Task goal →
Leave out the pictures, and retype only the lines from the beginning of the material through the line that contains "Each Veluwe lodge", including both.

Data in this exercise →

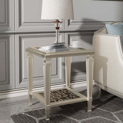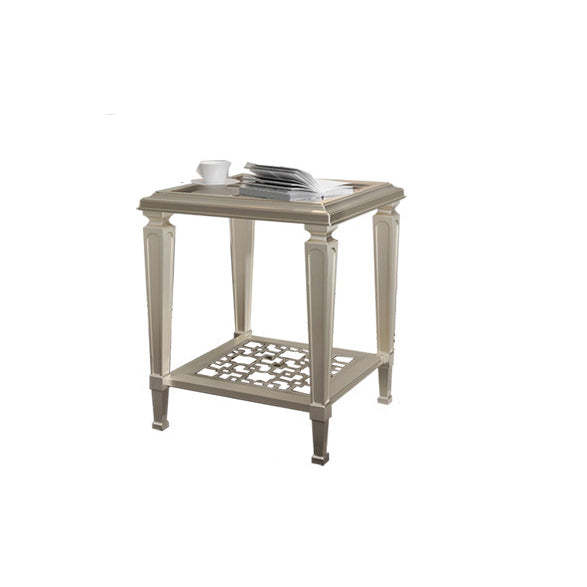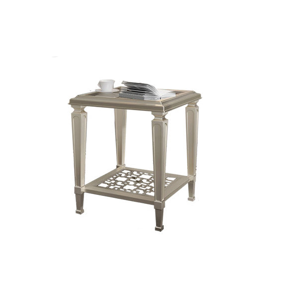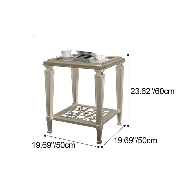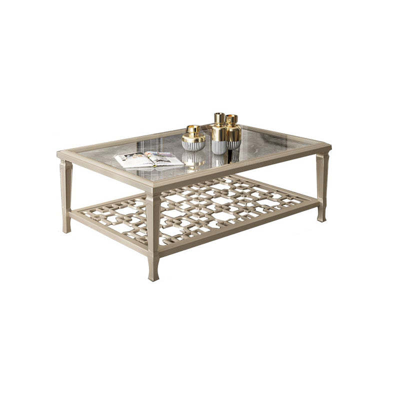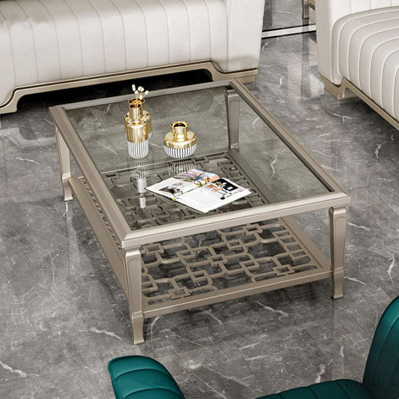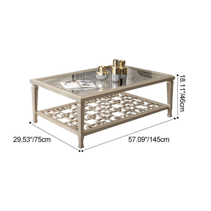 This contemporary Nordic coffee table combines a solid beech wood frame with tempered glass surfaces and an elegant champagne gold finish. Featuring a geometric hollow-carved design and two-tier structure. it's available in two sizes��perfect for adding modern sophistication and functional storage to any living room.
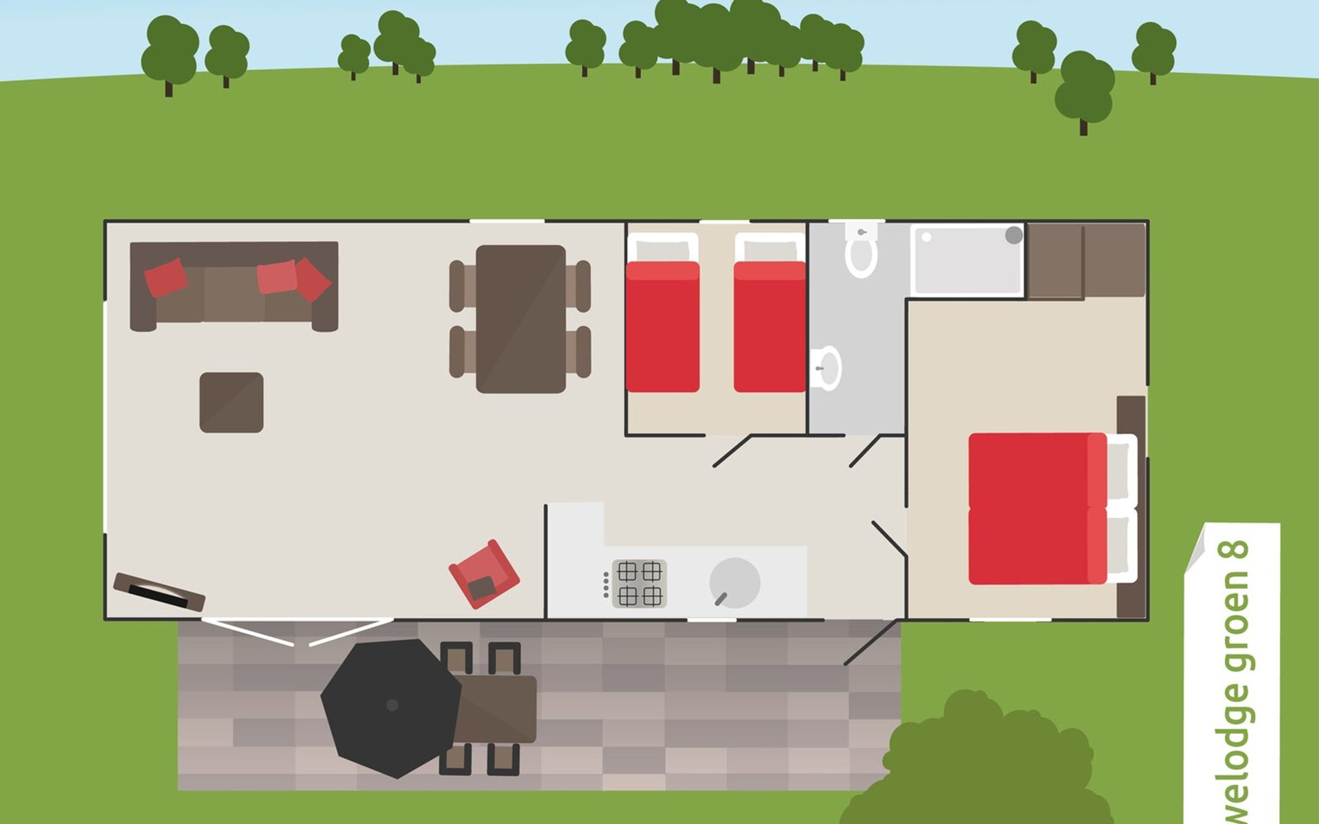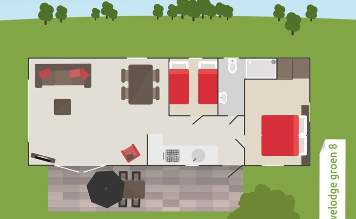 Each Veluwe lodge has its own character and appearance. For example, some chalets have a veranda, a canopy or an open view over the meadow. Would you like to book a Veluwe lodge with a specific feature? You can indicate this when booking in the step choose on map.
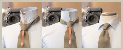 Un giorno entra in negozio un signore molto distinto che mi chiede un abito. Durante le prove parliamo anche di cravatte, descrivo la nostra qualità e il discorso poi arriva al tipo di nodo utilizzato.
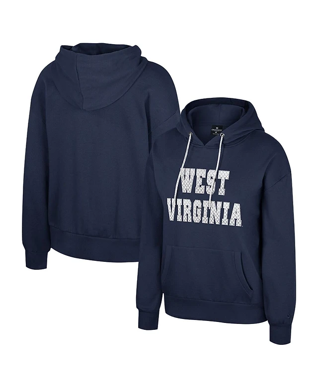 Colosseum Women's Navy West Virginia Mountaineers Reflection Rhinestone Drawcord Pullover Hoodie
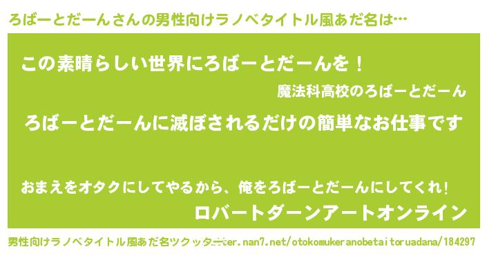 | 胡散臭い通販商品みたいなあだ名 | 『あなたにだけ特別に提供する限定10本のレアな日本酒…その名も「ろばーとだーん」』 |
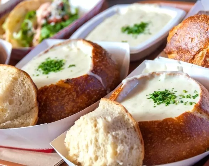 Avsluta dagen med att äta en läcker ”clam chowder” vid vattnet med utsikt över pelikaner som dyker efter sin middag här i Monterey Bay.

Task answer →
 This contemporary Nordic coffee table combines a solid beech wood frame with tempered glass surfaces and an elegant champagne gold finish. Featuring a geometric hollow-carved design and two-tier structure. it's available in two sizes��perfect for adding modern sophistication and functional storage to any living room.
 Each Veluwe lodge has its own character and appearance. For example, some chalets have a veranda, a canopy or an open view over the meadow. Would you like to book a Veluwe lodge with a specific feature? You can indicate this when booking in the step choose on map.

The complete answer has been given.